Your answer consists of the lines in the data that contain "during". Copy each of them.

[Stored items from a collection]

+ + + +

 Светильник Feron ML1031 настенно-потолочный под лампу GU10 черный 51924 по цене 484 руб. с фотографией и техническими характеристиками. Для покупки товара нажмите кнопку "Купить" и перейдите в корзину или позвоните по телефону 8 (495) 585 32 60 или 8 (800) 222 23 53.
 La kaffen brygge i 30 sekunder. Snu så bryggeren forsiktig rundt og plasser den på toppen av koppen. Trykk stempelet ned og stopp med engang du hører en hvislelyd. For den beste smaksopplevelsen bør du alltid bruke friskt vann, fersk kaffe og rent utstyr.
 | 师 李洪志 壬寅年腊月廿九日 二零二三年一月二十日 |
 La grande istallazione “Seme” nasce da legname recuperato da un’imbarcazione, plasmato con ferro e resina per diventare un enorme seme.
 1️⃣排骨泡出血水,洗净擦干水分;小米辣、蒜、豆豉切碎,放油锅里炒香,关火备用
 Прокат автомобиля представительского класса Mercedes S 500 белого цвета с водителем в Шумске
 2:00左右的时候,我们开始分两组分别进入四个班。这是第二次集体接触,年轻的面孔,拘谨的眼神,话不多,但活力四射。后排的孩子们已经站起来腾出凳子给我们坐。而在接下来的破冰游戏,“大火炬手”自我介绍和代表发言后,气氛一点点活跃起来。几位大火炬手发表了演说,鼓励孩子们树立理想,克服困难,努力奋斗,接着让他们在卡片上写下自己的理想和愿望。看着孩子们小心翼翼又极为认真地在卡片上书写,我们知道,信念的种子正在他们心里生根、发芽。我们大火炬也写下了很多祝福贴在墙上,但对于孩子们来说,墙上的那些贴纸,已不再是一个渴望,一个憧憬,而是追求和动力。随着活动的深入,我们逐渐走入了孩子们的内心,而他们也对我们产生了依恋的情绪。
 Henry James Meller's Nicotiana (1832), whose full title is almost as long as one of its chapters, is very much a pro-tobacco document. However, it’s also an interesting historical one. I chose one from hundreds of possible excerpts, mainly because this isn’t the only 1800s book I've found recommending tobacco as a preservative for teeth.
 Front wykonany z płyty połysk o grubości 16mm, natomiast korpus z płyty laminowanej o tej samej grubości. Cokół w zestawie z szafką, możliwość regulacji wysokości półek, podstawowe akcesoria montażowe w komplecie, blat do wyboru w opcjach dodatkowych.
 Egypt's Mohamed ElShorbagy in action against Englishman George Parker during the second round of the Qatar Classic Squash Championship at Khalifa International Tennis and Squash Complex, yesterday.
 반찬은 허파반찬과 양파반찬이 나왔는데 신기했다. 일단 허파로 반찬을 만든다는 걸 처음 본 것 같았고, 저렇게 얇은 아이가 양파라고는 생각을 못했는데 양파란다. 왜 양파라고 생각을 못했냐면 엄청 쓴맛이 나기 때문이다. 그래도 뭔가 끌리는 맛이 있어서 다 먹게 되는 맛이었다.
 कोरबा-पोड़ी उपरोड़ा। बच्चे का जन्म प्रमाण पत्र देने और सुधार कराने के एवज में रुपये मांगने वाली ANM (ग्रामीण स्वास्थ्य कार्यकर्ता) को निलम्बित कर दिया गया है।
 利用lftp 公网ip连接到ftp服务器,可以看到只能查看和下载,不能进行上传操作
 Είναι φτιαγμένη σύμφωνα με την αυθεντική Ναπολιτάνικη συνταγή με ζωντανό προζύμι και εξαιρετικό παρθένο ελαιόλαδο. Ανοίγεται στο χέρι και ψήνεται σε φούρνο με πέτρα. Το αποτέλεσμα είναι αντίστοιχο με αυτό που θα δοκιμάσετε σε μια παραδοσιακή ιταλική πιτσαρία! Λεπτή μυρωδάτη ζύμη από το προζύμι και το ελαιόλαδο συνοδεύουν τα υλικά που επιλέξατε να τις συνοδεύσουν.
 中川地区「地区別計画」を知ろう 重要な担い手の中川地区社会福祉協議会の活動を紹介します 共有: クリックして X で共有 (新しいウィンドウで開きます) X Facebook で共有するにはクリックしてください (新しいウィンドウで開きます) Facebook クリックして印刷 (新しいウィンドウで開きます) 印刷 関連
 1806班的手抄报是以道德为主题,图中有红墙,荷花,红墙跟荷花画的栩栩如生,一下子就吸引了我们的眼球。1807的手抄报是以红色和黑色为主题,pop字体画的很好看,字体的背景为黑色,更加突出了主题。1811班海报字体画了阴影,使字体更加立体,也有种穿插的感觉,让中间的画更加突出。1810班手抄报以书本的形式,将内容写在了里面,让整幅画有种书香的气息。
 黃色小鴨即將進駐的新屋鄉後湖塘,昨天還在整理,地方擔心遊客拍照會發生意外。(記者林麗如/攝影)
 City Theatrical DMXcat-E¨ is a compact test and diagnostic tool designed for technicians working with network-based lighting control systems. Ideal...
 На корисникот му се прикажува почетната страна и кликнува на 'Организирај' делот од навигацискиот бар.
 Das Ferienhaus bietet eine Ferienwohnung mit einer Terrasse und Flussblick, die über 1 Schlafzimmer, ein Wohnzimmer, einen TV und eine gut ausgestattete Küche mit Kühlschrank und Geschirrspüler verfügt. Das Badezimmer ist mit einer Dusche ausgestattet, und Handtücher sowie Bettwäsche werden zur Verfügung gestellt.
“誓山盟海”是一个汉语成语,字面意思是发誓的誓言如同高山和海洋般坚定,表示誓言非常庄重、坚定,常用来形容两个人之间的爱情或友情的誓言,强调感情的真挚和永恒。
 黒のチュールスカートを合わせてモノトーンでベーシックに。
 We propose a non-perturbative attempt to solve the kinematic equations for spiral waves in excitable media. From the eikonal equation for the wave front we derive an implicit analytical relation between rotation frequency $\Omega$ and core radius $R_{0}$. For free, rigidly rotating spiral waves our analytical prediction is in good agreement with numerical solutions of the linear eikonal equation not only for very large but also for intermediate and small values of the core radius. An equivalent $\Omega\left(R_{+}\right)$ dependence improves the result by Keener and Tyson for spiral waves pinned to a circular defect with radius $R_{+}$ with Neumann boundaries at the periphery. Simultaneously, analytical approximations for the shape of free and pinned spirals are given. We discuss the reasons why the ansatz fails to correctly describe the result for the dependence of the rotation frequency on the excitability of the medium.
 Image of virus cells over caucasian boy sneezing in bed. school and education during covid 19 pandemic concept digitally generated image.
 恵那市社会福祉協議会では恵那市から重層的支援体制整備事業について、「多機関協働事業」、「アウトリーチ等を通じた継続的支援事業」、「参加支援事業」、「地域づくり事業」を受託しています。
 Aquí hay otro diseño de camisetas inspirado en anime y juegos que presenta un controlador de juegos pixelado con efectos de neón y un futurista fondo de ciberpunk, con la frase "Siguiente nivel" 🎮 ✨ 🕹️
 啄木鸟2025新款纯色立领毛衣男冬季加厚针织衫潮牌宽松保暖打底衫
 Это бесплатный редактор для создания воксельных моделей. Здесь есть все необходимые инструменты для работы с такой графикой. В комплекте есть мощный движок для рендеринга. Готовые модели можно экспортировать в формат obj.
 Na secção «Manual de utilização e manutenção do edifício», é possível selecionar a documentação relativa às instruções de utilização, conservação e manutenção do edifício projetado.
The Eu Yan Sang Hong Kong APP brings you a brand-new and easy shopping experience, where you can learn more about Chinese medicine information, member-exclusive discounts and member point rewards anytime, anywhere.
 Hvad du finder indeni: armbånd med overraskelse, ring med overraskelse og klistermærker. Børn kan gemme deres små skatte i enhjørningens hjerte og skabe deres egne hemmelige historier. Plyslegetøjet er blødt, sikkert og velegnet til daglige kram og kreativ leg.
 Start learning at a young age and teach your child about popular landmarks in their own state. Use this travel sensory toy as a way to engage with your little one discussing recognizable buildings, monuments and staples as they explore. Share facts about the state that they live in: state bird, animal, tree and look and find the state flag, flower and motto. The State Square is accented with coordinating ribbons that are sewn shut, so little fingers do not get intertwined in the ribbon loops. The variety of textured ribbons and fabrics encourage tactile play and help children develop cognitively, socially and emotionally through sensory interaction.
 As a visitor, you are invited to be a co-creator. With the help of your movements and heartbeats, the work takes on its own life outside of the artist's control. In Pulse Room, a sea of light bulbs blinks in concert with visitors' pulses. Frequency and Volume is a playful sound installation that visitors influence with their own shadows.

+ + + +

▶ [Reply]:
 Egypt's Mohamed ElShorbagy in action against Englishman George Parker during the second round of the Qatar Classic Squash Championship at Khalifa International Tennis and Squash Complex, yesterday.
 Image of virus cells over caucasian boy sneezing in bed. school and education during covid 19 pandemic concept digitally generated image.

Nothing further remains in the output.